Review: Big Rumble Boxing: Creed Champions – PS4, PS5


Chris Harding

Writer and Storywriter


Eye of the tiger?

Big Rumble Boxing: Creed Champions will be familiar to anybody with a PSVR headset and a love for boxing, because this is a spin-off of the VR boxing game, Creed: Rise to Glory. The difference here is that instead of swinging your arms wildly and working up a sweat, you’re mashing buttons on a gamepad and getting cramp in your thumbs.

Review: Big Rumble Boxing: Creed Champions - PS4, PS5


Game Information
Release Date: September 3rd, 2021
Developer: Survios
Publisher: Survios, Koch Media
Availability: PSN (Digital) Retail (Buy on Amazon USA / Amazon UK)

Creed Champions has an arcade mode, training mode, and a versus mode, which is also the cheat mode. More on that later.

Arcade mode is the main course, offering up stories for each playable character as you fight through a selection of each character’s opponents. Obviously, being that I was a 90s kid, I played as Rocky first because I already knew his story.

Creed Champions Screenshot 4

The stories are… poor. Connecting each fight you get some cutouts of each character with some on-screen text to deliver their lines. It feels cheap and once I was done with Rocky’s story – which completely skipped out the events of Rocky V and 2006’s Rocky Balboa – I didn’t pay any attention to any of the other stories. You can, thankfully, skip these dull scenes with the circle button to get into the ring quickly.

What you can’t skip are the pointless montage mini-games that serve as you “training” between bouts. These were half decent relfex tests in the original PSVR Creed: Rise to Glory, but with a gamepad they fall flat as repetitive exercises that don’t serve a purpose.

Creed Champions plays out like a traditional fighting game, except the controls are super simple and there are only a small amount of moves and combos to pull off. You’ve got your basic and heavy attack buttons, as well as dodge, grabble, block, and super attack.

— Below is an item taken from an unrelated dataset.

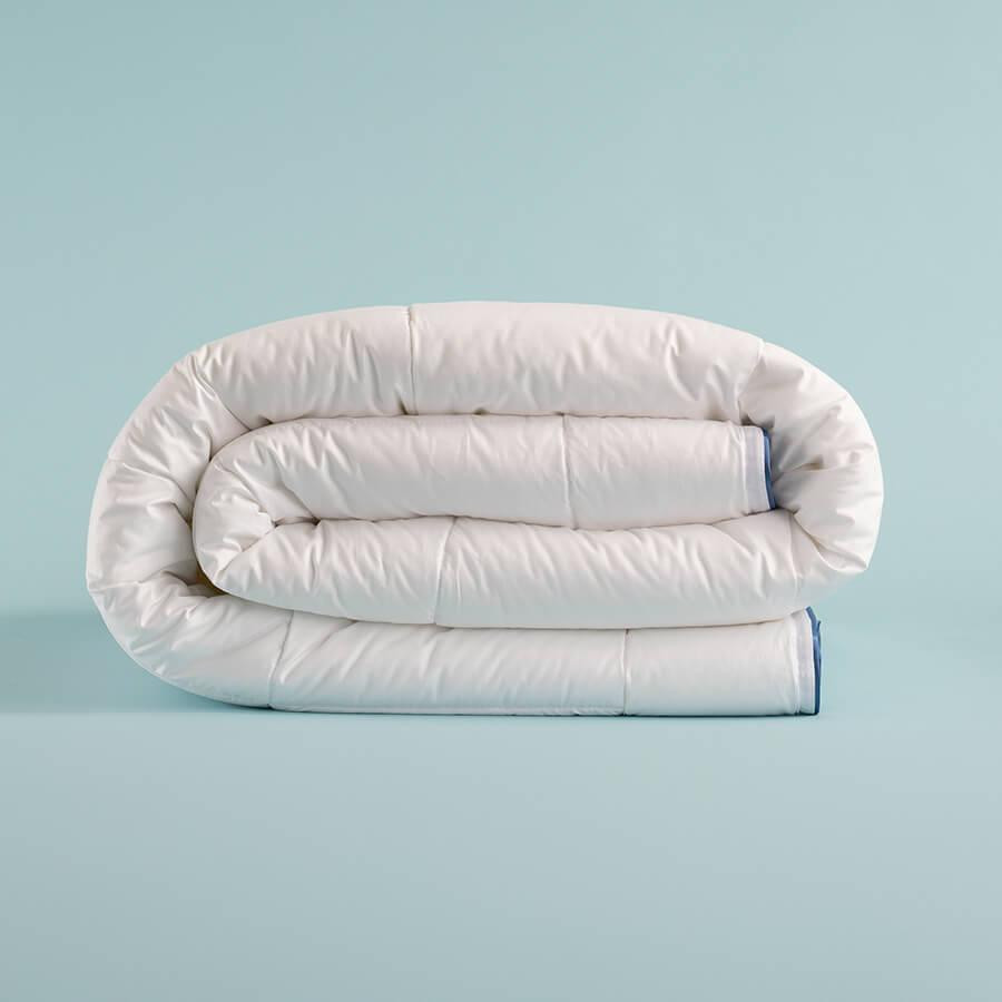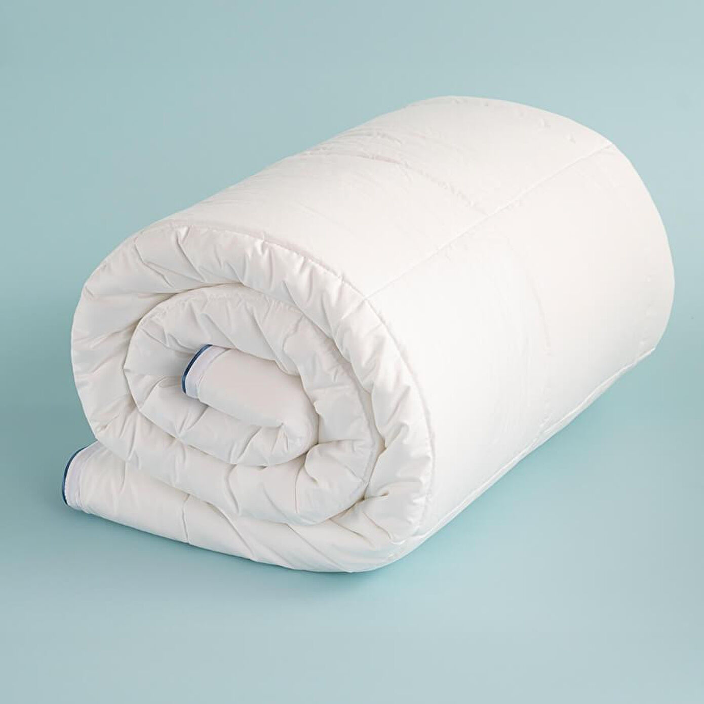 Mavi biyeli, şık tasarıma sahip Amelia Yorgan; 4 mevsim kullanıma uygundur.

The idea is that by chaining basic and heavy attacks together, you chip away at your opponent’s health bar until they’re on down on the mat while the count to ten begins. You can get them down quicker by using your super attack which charges up with every blow you land. This move does bigger damage but you need to get the timing just right, otherwise, the man across from you can dodge, block, or even counter with their own super attack.

Creed Champions Screenshot 3

If you get smacked down to the ground, you have to the count of ten to mash the square button to fill a meter and get your fighter back on their feet. Mind you, this can only happen three times before you’re knocked out for good.

There’s no judge’s decision in Creed Champions and no real tension to the countdowns – you either knock the other boxer down four times and win, or you get knocked down four times and lose, or fail the basic button mashing to get up and be done quicker. It’s a bit too basic for my liking.

That goes for the actual fighting, too. It’s fun and fairly easy to play, but it’s far too easy to cheese your way through fights by spamming the dodge button and block buttons and then smacking in some dirty power attacks from behind.

Creed Champions Screenshot 2

It’s very arcadey and there are plenty of visual cues to help you out. The gloves of your opponent will glow a certain colour, giving you the chance to respond quickly. Some attacks can not be blocked, while others can be interrupted or even countered with a push of the block button. It’s simple stuff and while I liked it, my mind kept on going back to the PS Vita game I’ve been playing recently, Real Boxing, which is a very good little game.

Your rewards for slogging through the Arcade stories are new fighters and fighter outfits. However, you can totally cheat the system. The game allows you to unlock characters and outfits by playing in Versus mode. So, if you want the baby but don’t want the labour pains, you can turn on a second controller, batter yourself, and then brag about your lack of skill to nobody. Or you can play with a mate or a family member. You can reach over the sofa and punch them in the leg to get the upper hand while you land the uppercut.

Big Rumble Boxing: Creed Champions is a decent arcade boxing game tied to a very likeable license, but it feels a bit cheap and easy. There’s only one mode with any kind of progression and the actual boxing feels more like a watered-down Street Fighter than a heavyweight competition.

Big Rumble Boxing: Creed Champions PS4, PS5 Review
  • 6.5/10
    Overall - Good - 6.5/10


Creed Champions isn’t the next big boxing game (what is?) but it’s a decent enough arcade brawler. It’s light on content, repetitive, and the montage mini-games are pointless, but the actual fighting is fun enough and if you can get a player two to join you, it can be good fun.